Before applying, learn how a personal loan could impact your credit score, from possibly boosting it with on-time payments to the potential risks if not managed responsibly. Dive into the details of personal loans with OneMain.

In this article:

A personal loan is a handy financial tool you can use to cover planned or unplanned expenses like home renovations, car repairs, a family vacation or almost any other need. If you have plans to apply for a personal loan, you may be wondering what kind of impact it may have on your credit. The answer depends on your personal situation and how you manage your loan, so let’s dig into some of the biggest factors at play.

What is a credit score?

A credit score is a rating that tells lenders and others how responsible you are with credit. There are two types of widely used credit scores: VantageScore® and FICO®. While they are calculated slightly differently, both are based on factors like how many credit accounts you have, how regularly you pay your bills on time and how much debt you have.1

What is a personal loan?

A personal loan allows you to borrow a lump sum of money upfront and repay it over time in predictable, monthly installments that fit your budget. If you get approved for a personal loan through a lender, bank or credit union, you’ll typically receive the funds via direct deposit or check. Then you’ll make regular monthly payments to repay what you borrowed plus interest over a term of typically one to seven years.2

How can a personal loan help your credit?

Fortunately, a personal loan could help improve your credit score in a few different ways, depending on how you manage your loan. Here are some major factors to keep in mind before you apply:

On-time payments

Your credit score may improve if you make your monthly personal loan payments on time, every time. Payment history is one of the most significant factors in calculating your credit score, and consistently making payments on time demonstrates financial responsibility. This positive behavior is reported to the credit bureaus, helping to build a solid credit profile over time and showing lenders that you can be trusted to meet your obligations.

Diverse credit mix

A personal loan could also diversify your credit mix, which refers to the variety of credit accounts you have, such as credit cards, mortgages and auto loans. Your credit mix accounts for a portion of your credit score, and having different types of credit can be beneficial. By adding a personal loan to your existing credit accounts, you demonstrate your ability to manage various types of credit, which can positively impact your credit score when managed responsibly.

Lower credit utilization

If you use a personal loan to consolidate debt, particularly high-interest debt, you may lower your credit utilization ratio — the amount of credit you use compared to your total available credit — as long as you keep your other accounts open.3 Credit utilization is a key factor in your credit score, so keeping it low is important for maintaining good credit.

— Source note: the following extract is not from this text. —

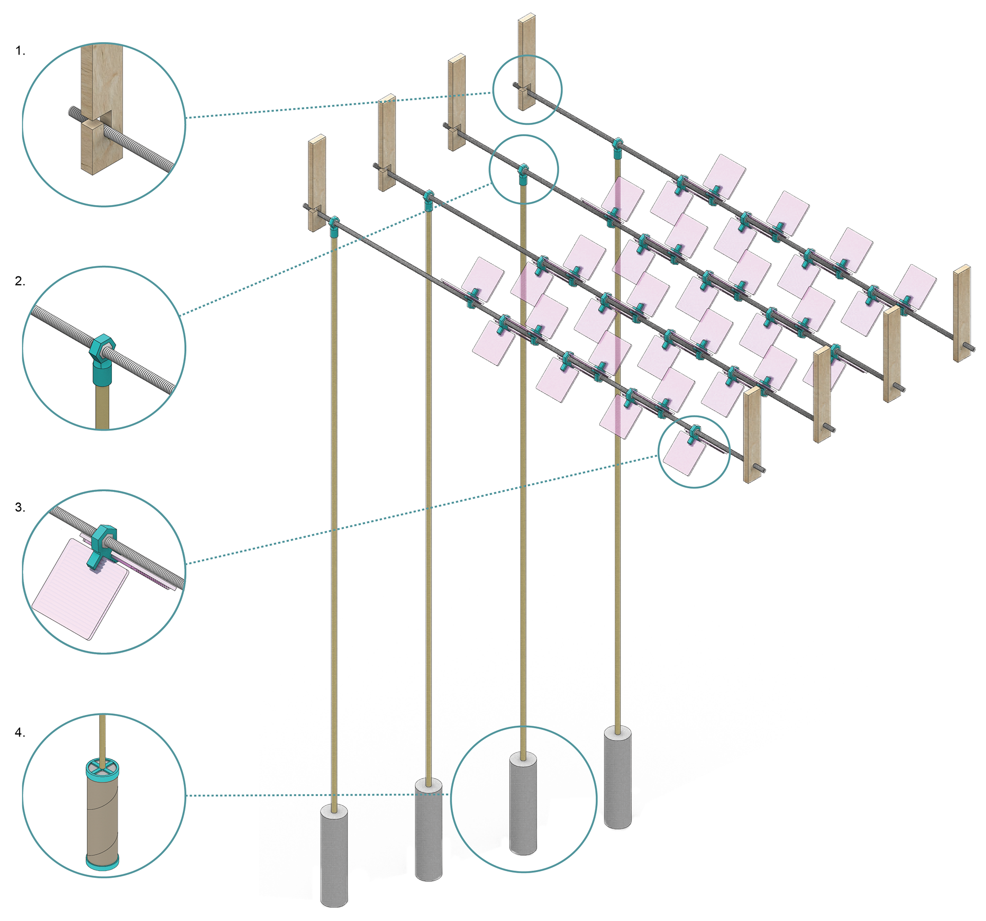 2. Custom 3D printed, teal connections were made to both hold a popular dowel rod and a 1/2” lock nut. This allowed the threaded rods to be rotated which allowed the users to alter the orientation of the tiles and in turn the shadows and refraction.

How can a personal loan hurt your credit?

While a personal loan may be helpful in many situations, it’s important to note that your credit score may be negatively impacted if the loan is not managed responsibly. Each type of personal loan has its own eligibility requirements, costs and associated risk. As always, it’s important to consider your needs and financial situation before deciding whether a personal loan is the best option for you. Let’s take a closer look at how a personal loan could hurt your credit:

Hard inquiries

When you apply for a personal loan, you consent to a hard inquiry, which is when the lender reviews your credit report to decide whether to approve your loan. Each hard inquiry may temporarily lower your credit score by a few points and stay on your credit report for up to two years.4 Too many hard inquiries in a short amount of time may harm your credit score.

Missed payments

On-time payments make up a significant portion of your credit score.5 If you miss a loan payment or make a late payment, your credit score could go down. While even one missed payment could hurt your credit score, multiple missed payments may lead to more damage. Remember that a missed loan payment could stay on your credit report for up to seven years.6

Increased debt

While a personal loan could provide you with the funds you need to cover an expense, it means going into debt, which could negatively impact your credit score, especially if you already have a lot of debt. It’s a good idea to consider why you’re applying for the loan in the first place to ensure you have the funds to cover your new payments along with your existing debt payments and other financial obligations. Keep in mind that if you’re using your loan to consolidate debt, you may be able to reduce your balances on other accounts and offset this.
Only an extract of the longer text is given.